Threats to American national security come from three sources: major powers, malevolent states, and weak or failed states.   There is, obviously, nothing new about tension with another major power, with the most obvious current challenge coming from China.

The other two sources of threat to American national security—malevolent states with effective national control but limited aggregate material capabilities and states that cannot control their own territory (failed or weak states)—are historically unique.  Threats from both of these sources are the result of the decoupling of underlying material capability (as indicated by GDP, population, military spending, and technological capacity) and the ability to inflict harm especially with nuclear and biological weapons.

In the case of malevolent states these capabilities are controlled by the state apparatus.  Although the ability of malevolent but under-resourced states to inflict catastrophic damage is new, the measures to counter these threats are not.  They include offensive, defensive and deterrent military actions, as well as economic sanctions.

In the case of weak or failed states—states that cannot control their own territory—both the threats and some of the measures to address them are new.   The threats derive from the ability of non-state actors to stage mass terrorist attacks with or without weapons of mass destruction.  We have no good way of estimating the probabilities of such attacks, but they are not vanishingly small.  One way to address these threats—contracting out some aspects of internal security to external actors—involves departures from the conventional norms of sovereignty but not from accepted international legal practice.   Conventional sovereignty involves international recognition (international legal sovereignty), the independence of domestic authority structures from external influence (Westphalian/Vattelian sovereignty), and effective regulation of activities within and across a state’s borders (domestic sovereignty).   Conventional sovereignty has been compromised in many different ways.  States have used their international legal sovereignty to compromise their Westphalian/Vattelian sovereignty to, for instance, the European Union.  As long as these contracts are voluntary they pose no problem for international law.
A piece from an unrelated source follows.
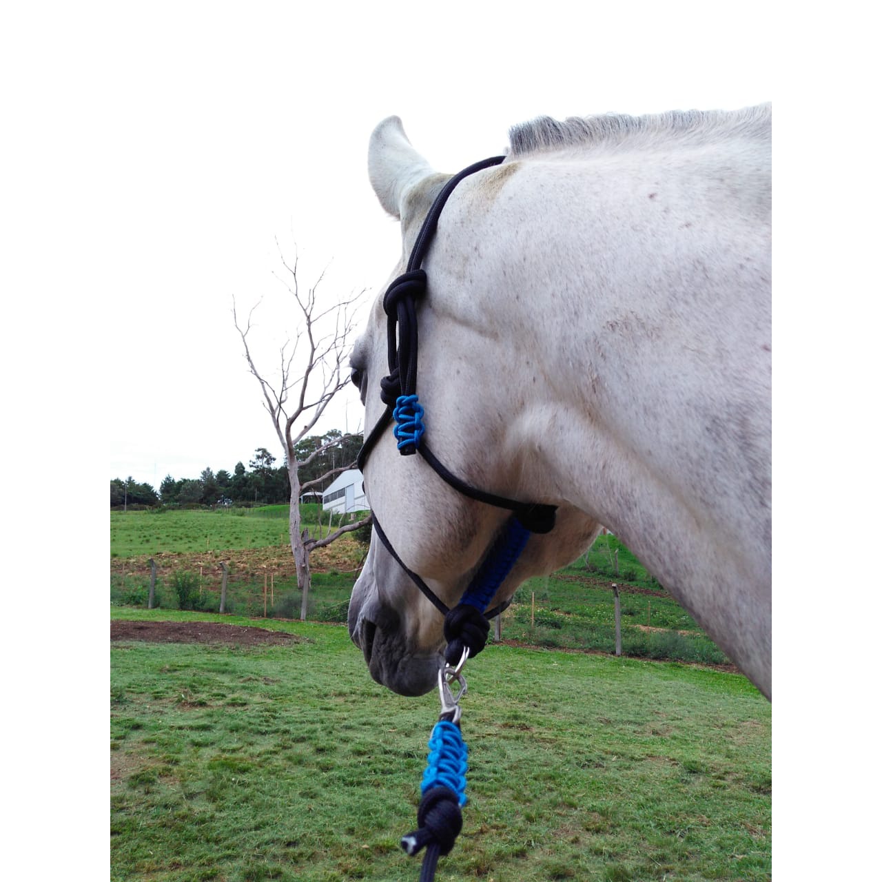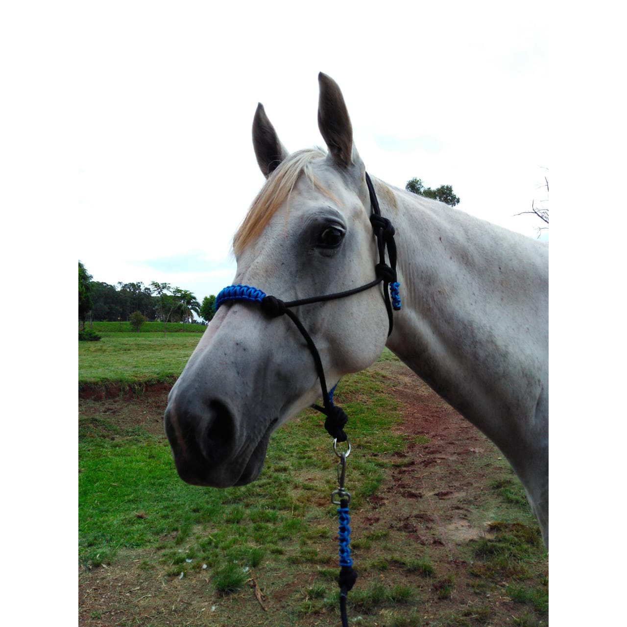 corda em polipropileno, super resistente e ao mesmo tempo macia, não machuca o rosto do cavalo, e nem sobe no olho.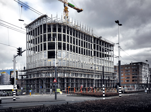 Op IJburg werkt een veilig aangelijnde medewerker van bouwcombinatie JP van Eesteren - Era Contour op grote hoogte aan het eerste bestemmingsvrije gebouw van Nederland, Solid.

Failed and weak states do not have effective domestic sovereignty.

One way to address security threats emanating from weak and failed states is to secure agreements that give the United States the right to combat enemy forces within the target state’s territory; that is, to have the target state contract away some aspects of the provision of security.   There have been agreements between the United States and a number of Latin American countries to send teams of armed advisers (military, DEA), some of which have subsequently engaged in kinetic operations in the host country.  Yemeni political leaders have publicly endorsed the use of American drones.  The US government has used drones in Pakistan relying on tacit understandings.

There is no international regime—no shared agreements on principles, norms, and rules that govern targeted security operations—designed to reduce transnational threats emanating from weak and failed states.  In most cases to date the United States has relied on agreements with host countries.  In some cases it has acted unilaterally, as when Navy SEAL teams killed Osama bin Laden without approval from Pakistan.  Where agreements have existed they have been tailored to specific circumstances; when it has acted unilaterally the United States has invoked some version of the right of self -defense.  Developing a shared set of principles, rules, and norms, will be challenging because the conventional norms of Westphalian/Vattelian sovereignty pose legitimacy problems for any explicit agreement that contracts out the provision of internal security to a foreign actor, and because in some cases the interests of the United States and a potential target country might be so divergent that no agreement is possible.

There are at least three policy options that the United States could consider:

  1. A general UN-type convention legitimating the contracting out of internal security.  This will never happen given the commitment of the G77 to non-intervention.
  2. Continuing with the present strategy of relying on tailored agreements concluded with individual states, and invoking the right of self-defense where no agreement is possible.
  3. Creating a Global Security Partnership.  This partnership would be a coalition of the willing.   Members of the coalition would sign on to a set of principles that would re-state existing norms including:
    • The obligation of a state to provide security to its own population
    • The obligation of a state to combat transnational threats emanating from its own territory
    • The right of a state to freely enter into an agreement with another state to provide security
    • The right of self defense

Such a coalition of the willing could reduce the legitimacy burden that now makes it more difficult for the United States to address transnational threats emanating from weak or failed states, by making it easier for political leaders in target states to contract out security provision.